Tinubu’s gains in N/Delta security, peace, oil output

Sir: I congratulate President Bola Ahmed Tinubu for decisive actions that have produced measurable progress on long-standing challenges in the Niger Delta.

These include insecurity and oil theft; the Ogoni remediation and potable-water rollout; the de-escalation of the Rivers State political crisis and the rebound in Nigeria’s crude-oil production.

The numbers now back the narrative: community-led security, targeted federal interventions, and renewed focus on environmental justice are restoring confidence in the Niger Delta. I salute the security, environment, and petroleum teams for these outcomes and urge sustained momentum.

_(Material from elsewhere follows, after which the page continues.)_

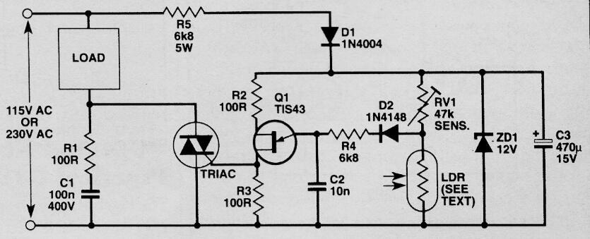 En este circuito de una publicación de 1991, podemos usar el transistor de unión única 2N2646 y el sensor es cualquier LDR. El triac puede ser cualquiera de la serie TIC con corriente según la carga controlada. LDR es común y la sensibilidad se ajusta en RV1. El Triac debe estar equipado con un radiador de calor en función de la carga. Este circuito no usa un transformador.

The President’s finance and accounting background, unusual courage, deep understanding of business and politics, and tenacity of purpose – together with the support of stakeholders across the region – have been instrumental to these achievements within a short period.

Recent data show a decisive turn. The Nigerian Upstream Petroleum Regulatory Commission (NUPRC) reports that daily crude losses fell to 9,600 barrels per day in July 2025 – the lowest since 2009 and roughly a 90 per cent drop from 2021 levels – clear proof that our strategy against oil theft is working.

Complementing this, a sustained two-year crackdown by the Nigerian Navy yielded 76 vessels seized, 242 suspects arrested, and the destruction of over 800 illegal refining sites, demonstrating how persistent patrols and tighter inter-agency coordination are degrading criminal networks. In Ogoniland, the clean-up has moved from promises to projects.

In August 2025, the President reconstituted HYPREP’s Governing Council and Board of Trustees to strengthen oversight and delivery. Within days, the Federal Government and HYPREP commissioned four potable-water schemes – in Bodo, Uegwere-Boue, Taabaa, and Eteo – advancing UNEP’s emergency-water mandate and expanding access to safe, reticulated water across Ogoni communities.

HYPREP’s mid-2025 scorecard records 50 remediation lots closed across 17 UNEP-assessed sites with NOSDRA certification, about 53 per cent of 1,700 hectares of shoreline cleanup delivered, and a pilot mangrove restoration – 93 per cent complete.

Public-health capacity is also being rebuilt: the 43-bed Buan Cottage Hospital is 93 per cent complete, and the 100-bed Ogoni Specialist Hospital in Kpite has reached 76 per cent, with a technical committee inaugurated to ready operations. To anchor these gains in science, WHO-IARC and HYPREP launched a human biomonitoring/health-impact study in July 2025 to guide long-term interventions.

On reconciliation, the June 12, 2025 posthumous pardon of the “Ogoni Nine” has reopened dialogue; while symbolically significant, I recognize that some groups continue to press for full exoneration and stronger guarantees before any discussion on restarting oil production -underscoring the need for inclusive, ongoing engagement.

In Rivers State, the December 18-19, 2023 eight-point peace accord brokered by President Tinubu helped de-escalate a destabilising political crisis, safeguarding institutions in our most strategic oil-producing state.

As security has improved, production is recovering: OPEC secondary sources put Nigeria’s output at 1.559 million barrels per day in July 2025 (up from 1.543 mbpd in June), while NUPRC recorded a broader 1.78 mbpd for July-reflecting additional streams-with both sets attributing gains in part to stronger security along the value chain.

In the wider Gulf of Guinea, maritime security trends also point in the right direction.

Independent monitoring notes historically low piracy levels in 2022 and 2024, with Nigeria’s Deep Blue assets and enhanced regional patrols contributing to deterrence. Even as the International Maritime Bureau flagged a rise in global incidents in early 2025, our trajectory shows that sustained patrols, community collaboration, and intelligence-led enforcement remain essential to consolidating hard-won gains.

My call to stakeholders is to encourage continued funding for community-based pipeline surveillance, transparency in remediation and health spending, and rigorous performance tracking across security and clean-up programmes. Sustaining these gains will require data-driven accountability and steady engagement with host communities.

I also appeal to the National Assembly, leaders of the Niger Delta, and all stakeholders to continue supporting the President in delivering sustainable development across the zone.

Dideolu Falobi is an engineer and public-spirited advocate for infrastructure renewal, youth opportunity and sustainable development in Osun State.